▶ GIVEN DATA

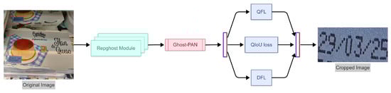 In this study, the backbone network is tasked with deriving features from the input image, utilizing the Repghost module [] as the foundation. Compared to the Ghost module [], this choice lowers computational demands on hardware while delivering enhanced accuracy with fewer parameters and similar latency, which is advantageous for mobile devices. Unlike the Ghost module, the RepGhost module eliminates the use of the inefficient concatenation operator, which considerably reduces inference time. Additionally, the process of information fusion is implicitly handled by the add operator rather than delegating it to other convolutional layers. Ghost-PAN [] substitutes the traditional Feature Pyramid Networks (FPNs) due to the substantial computational load of typical FPNs. The network head produces three outputs: quality focal loss (QFL), distribution focal loss (DFL), and GIoU loss. QFL and DFL are based on generalized focal loss []. QFL is designed to refine both the classification and localization aspects of object detection, enhancing its effectiveness in dense object detection tasks. QFL, in particular, targets improving classification by emphasizing hard-to-classify samples. The QFL function is defined as (1)
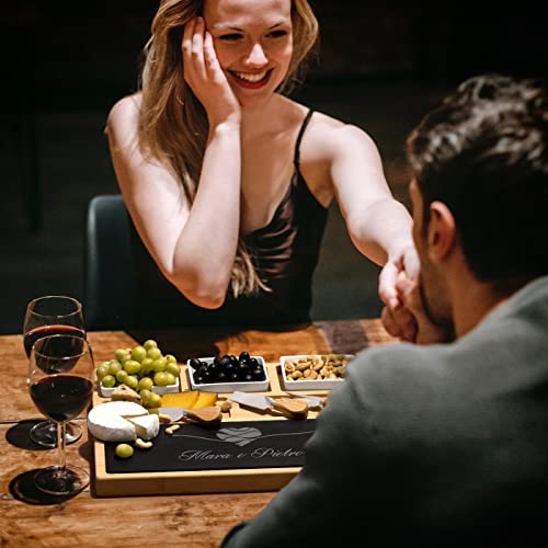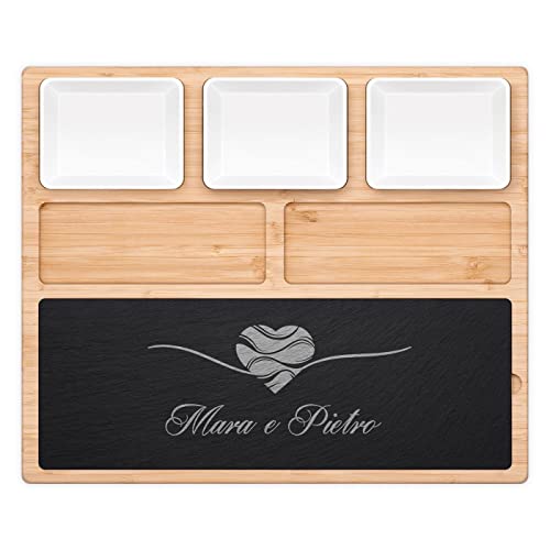 Maverton Tagliere per formaggio e salumi - rettangolare - piatto da formaggio - in ardesia e bambù - incisione personalizzata - set 3 posate - pensiero speciale anniversario - amore
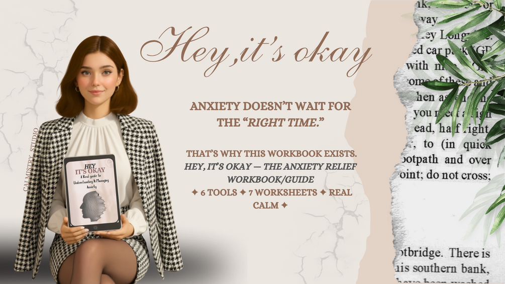 That’s why I made Hey, It’s Okay ~ a short, aesthetic workbook built for Gen Z brains. Not a 400-page textbook. Not fluffy Pinterest advice. Just tools you’ll actually use.
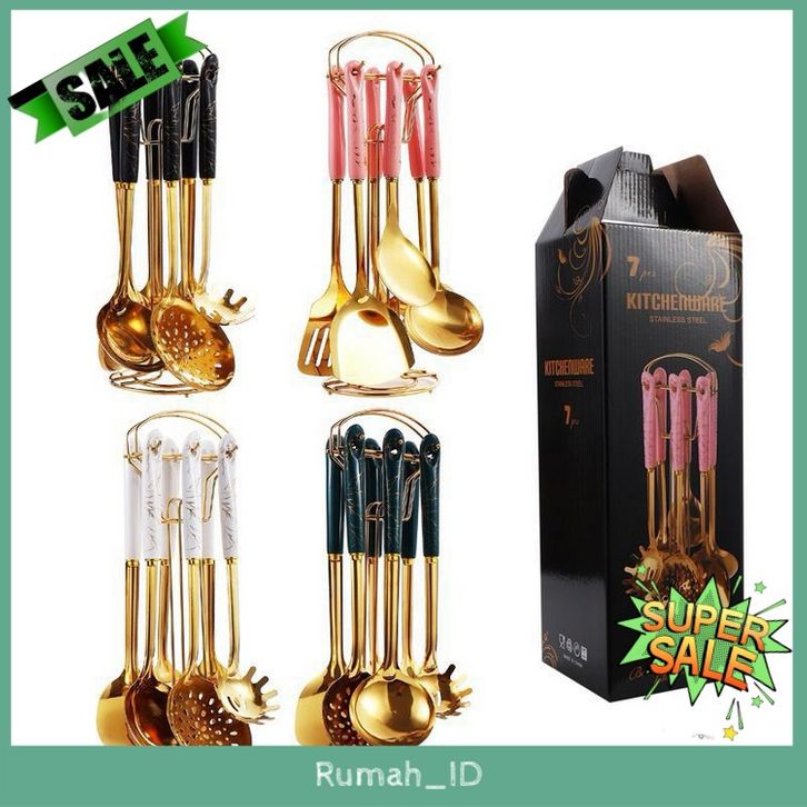 ALAT MASAK SULTAN / SPATULA MASAK SET GOLD JADE SET 7 IN 1 EMAS ELEGANT MEWAH / SPATULA KITCHEN TOOLS / SET ALAT MASAK M
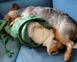 さて、その横でおりこうさんで寝ているこのコはスマートな赤ちゃん犬テキーラちゃんです。最初もっと小さくて大きくなっても2kgぐらいと言われてたけど、半年ぐらいでずいぶん大きくなりました。(下の写真では下右に歩いてます)

▶ WORK TASK
Could you set down nothing but the lines from the one containing "ALAT MASAK SULTAN" through the last line of the records above, both ends included, exactly as given and free of pictures?

▶ SOLUTION FOR THIS EXERCISE
 ALAT MASAK SULTAN / SPATULA MASAK SET GOLD JADE SET 7 IN 1 EMAS ELEGANT MEWAH / SPATULA KITCHEN TOOLS / SET ALAT MASAK M
 さて、その横でおりこうさんで寝ているこのコはスマートな赤ちゃん犬テキーラちゃんです。最初もっと小さくて大きくなっても2kgぐらいと言われてたけど、半年ぐらいでずいぶん大きくなりました。(下の写真では下右に歩いてます)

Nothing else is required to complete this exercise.